« Le portrait » Magvan Erdenebat 31 décembre 2020 – Publié dans Littérosa – Mots clés: , ,

Magvan Erdenebat est né en 1972 dans la province de Gobi-Altaï. Après avoir étudié la littérature et le journalisme à l’Université de la Littérature, il a débuté sa carrière de journaliste dans divers organes de presse écrite et audiovisuelle tout en créant des œuvres littéraires. Il est l’auteur d’essaies, de nouvelles et de scénarios de séries télévisées et de films. Ses recueils de nouvelles « Le lac bleu profond », « Rien n’est oublié » et « La pluie froide » ont été beaucoup appréciés par les lecteurs. Il a reçu plusieurs prix (« Plume d’or » en 2003 et en 2013, « Prix de l’Union des écrivains mongols » en 2004, le premier prix du concours littéraire « Ornement du sens » en 2005 et 2007, le titre du « Meilleur travailleur » de la télévision nationale en 2009, « Prix de Lodoidamba » en 2009, « Ordre de l’étoile polaire » en 2011, « Bannière rouge du travail » en 2011 par le décret du Président de Mongolie, « Prix de Natsagdorj » en 2016 par Ministère de l’Education et des Sciences de Mongolie).

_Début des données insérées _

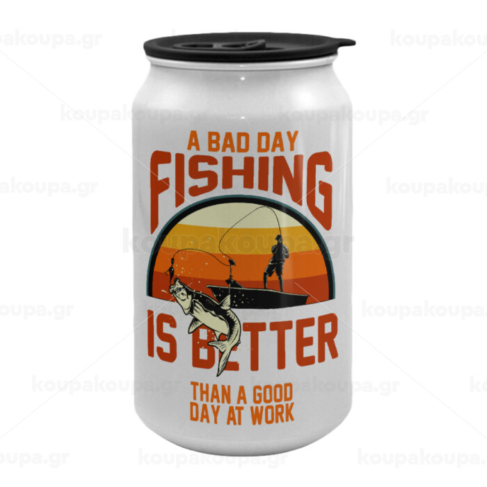A bad day FISHING is better than a good day at work, Κούπα ταξιδιού μεταλλική με καπάκι (tin-can) 500ml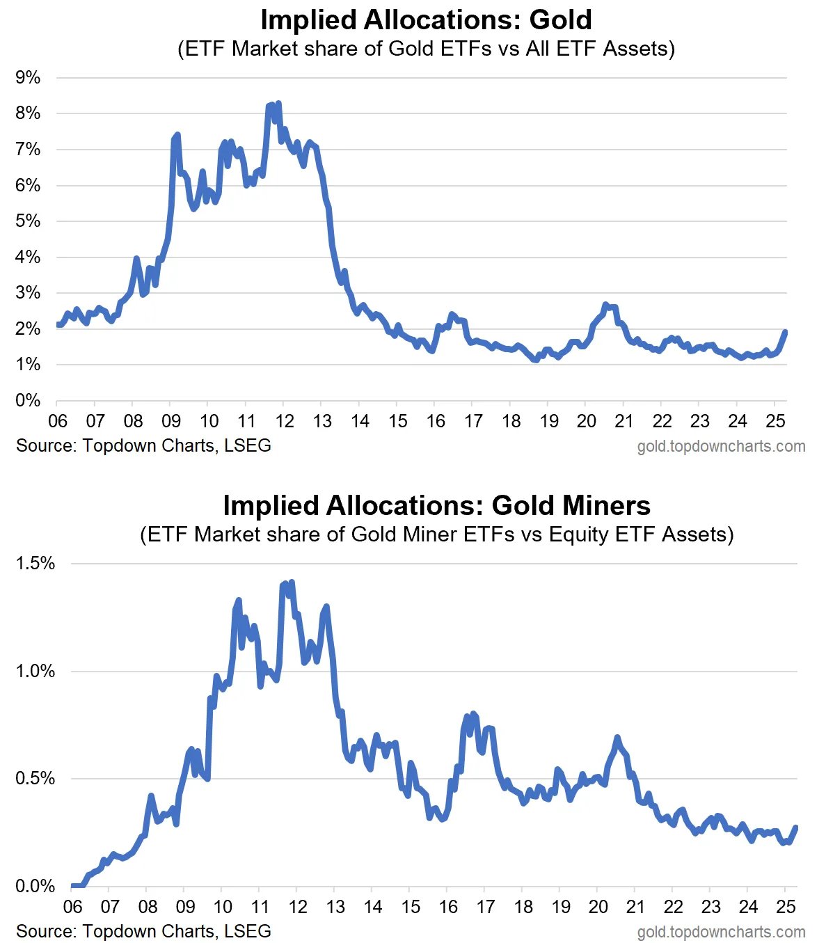 The charts below show the implied allocations (via ETFs) to Gold and Gold Miners. Allocations have only just begun to move off multi-decade lows.

Le vieux Lamzav approchait de ses quatre-vingts ans et son caractère était devenu de plus en plus difficile. Il se disputait tout le temps pour rien avec ses petits-enfants et ennuyait énormément son gendre Nasanbat qui perdait parfois son sang-froid et se plaignait à sa femme :

« De temps en temps, dis à ton père sénile de se calmer un peu. Pourquoi il embête sans cesse mes enfants ? Ils sont à bout de patience. Pourquoi ils ne peuvent pas vivre tranquillement chez eux ? C’est insupportable. »

« Tu devrais arrêter de détester mon pauvre père. N’as-tu aucune compassion pour les êtres humains ? Tu es trop méchant. Si tu oses, jette-le à la rue ! Tu devrais savoir que les vieilles personnes, c’est comme les enfants. Ellestrouveront une solution seules. Garde ton calme !Par contre, arrête de détester mon pauvre père. Il est suffisamment âgé ! Tu ne le ferais pas si c’était ton père. » lui répondit-elle.

Un de ces soirs, le vieux Lamzav recommença encore une de ses disputes habituelles :

« Hé, Monkhoo ! Сhange de chaîne de télé ! Je veux écouter les infos. Trop vieux et épuisé à présent, je te demande un service. Moi, dans ma jeunesse, j’étais un homme brillant. Ça serait un peu exagéré si je disais que je suis connu dans tout le pays, mais les gens me connaissent bien. С’est vrai que je suis vieux, mais pas encore mort. » A force d’insister ainsi pour changer de chaîne, il finit par récupérer la télécommande. Ce soir-là, les nouvelles qu’il entendit le rendirent extrêmement heureux.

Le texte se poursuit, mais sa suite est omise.